L’industrie de la mode jouant un rôle majeur dans la dégradation de l’environnement, il est judicieux de se pencher sur la production des costumes de scène. La question a le mérite de ramener l’enjeu écologique à une échelle aisée à appréhender : le costume qui a brillé quelques soirs pour s’endormir ensuite dans un placard connait une vie comparable à bon nombre de nos tenues.

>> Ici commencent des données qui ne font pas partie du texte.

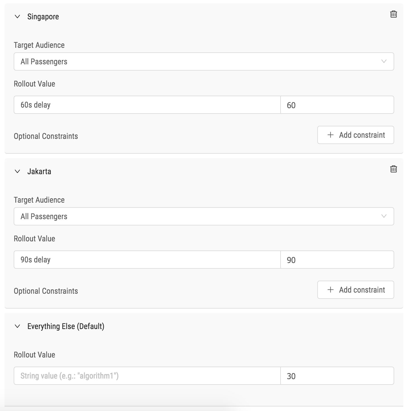The City facet configures the rollout. This means each city becomes a feature on its own for this variable. We also provide a web-based UI for configuring everything, as shown in the figure below.

Regine Becker, cheffe de l’Atelier costumes de la Monnaie à Bruxelles, précise qu’un théâtre d’opéra produit quelques centaines à quelques milliers de costumes par an. Son activité étant plus proche de la confection artisanale que de l’industrie, elle pèse peu dans l’empreinte carbone du Théâtre, surtout au regard des décors. Christine Neumeister, directrice des costumes de l’Opéra de Paris, explique que dans la décision, l’artistique et le planning l’emporteront longtemps sur l’écoresponsabilité.
Si la sobriété s’impose un jour, ce sera pour des raisons économiques. Sera-t-elle écoresponsable ? Rien n’est moins sûr. D’ailleurs, Christelle Morin, responsable du service costumes de l’Opéra Comique, souligne que certaines spécificités – la transmission des savoirs artisanaux, l’esprit de recherche incessante pour s’adapter aux défis artistiques – donnent déjà à ses praticiens une conscience aiguë de la rentabilité du travail.
La question est donc triple : peut-on être écoresponsable dans ce domaine, peut-on concilier économie et écologie, et peut-on le faire au profit de la création et de l’excellence ?
Achat, fabrication ou recyclage ?
Un an avant la première d’un spectacle, le·la créateur·rice des costumes soumet ses maquettes à l’atelier dont le·la responsable oriente dès lors les recherches entre création, achat ou mise à profit du stock, en fonction de la démarche artistique et du budget. « Il ne faut pas fabriquer pour fabriquer », dit Thibaut Welchlin à l’Opéra du Rhin.
Pour les pièces telles que sous-vêtements, chemises et costumes, l’achat en grande distribution s’avère économique, cohérent lorsqu’il s’agit de vêtir un chœur. Bien des maisons souhaiteraient proscrire la fast fashion mais les savoir-faire sont mieux utilisés dans le sur-mesure, pour les danseur·ses par exemple. Thibaut Welchlin estime que les ateliers « ont pourtant un rôle à jouer pour les stratégies à mettre en œuvre ». C’est aussi l’avis des autres responsables consultés et de leurs équipes.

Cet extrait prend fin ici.